• Exercise details: Starting at the line with "Graficzne opracowanie rzutów" and ending at the line with "スカート 可愛い 格安", print exactly the lines of the entries below. Pictures do not belong in the copy.

• Given entries:
-- -- --

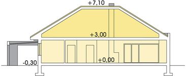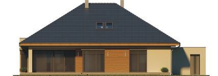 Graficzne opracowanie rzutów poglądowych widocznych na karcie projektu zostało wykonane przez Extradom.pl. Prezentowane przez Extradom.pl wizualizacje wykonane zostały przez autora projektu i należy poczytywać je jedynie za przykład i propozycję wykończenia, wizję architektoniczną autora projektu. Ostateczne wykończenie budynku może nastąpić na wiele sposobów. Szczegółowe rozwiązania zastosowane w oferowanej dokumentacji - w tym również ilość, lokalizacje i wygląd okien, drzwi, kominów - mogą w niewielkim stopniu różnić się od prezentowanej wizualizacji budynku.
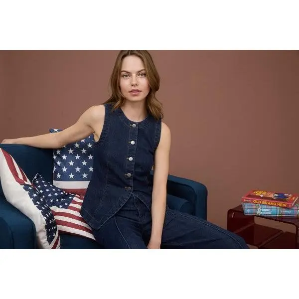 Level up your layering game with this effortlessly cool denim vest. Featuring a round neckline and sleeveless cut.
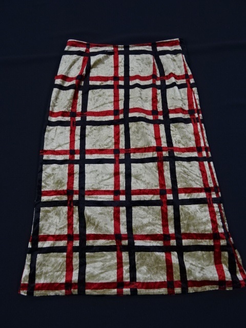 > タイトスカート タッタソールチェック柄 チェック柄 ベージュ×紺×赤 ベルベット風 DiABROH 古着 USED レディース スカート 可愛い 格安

-- -- --

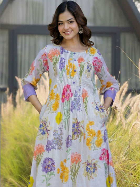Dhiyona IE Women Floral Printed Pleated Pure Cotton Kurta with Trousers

-- -- --

• Written response:
 Graficzne opracowanie rzutów poglądowych widocznych na karcie projektu zostało wykonane przez Extradom.pl. Prezentowane przez Extradom.pl wizualizacje wykonane zostały przez autora projektu i należy poczytywać je jedynie za przykład i propozycję wykończenia, wizję architektoniczną autora projektu. Ostateczne wykończenie budynku może nastąpić na wiele sposobów. Szczegółowe rozwiązania zastosowane w oferowanej dokumentacji - w tym również ilość, lokalizacje i wygląd okien, drzwi, kominów - mogą w niewielkim stopniu różnić się od prezentowanej wizualizacji budynku.
 Level up your layering game with this effortlessly cool denim vest. Featuring a round neckline and sleeveless cut.
 > タイトスカート タッタソールチェック柄 チェック柄 ベージュ×紺×赤 ベルベット風 DiABROH 古着 USED レディース スカート 可愛い 格安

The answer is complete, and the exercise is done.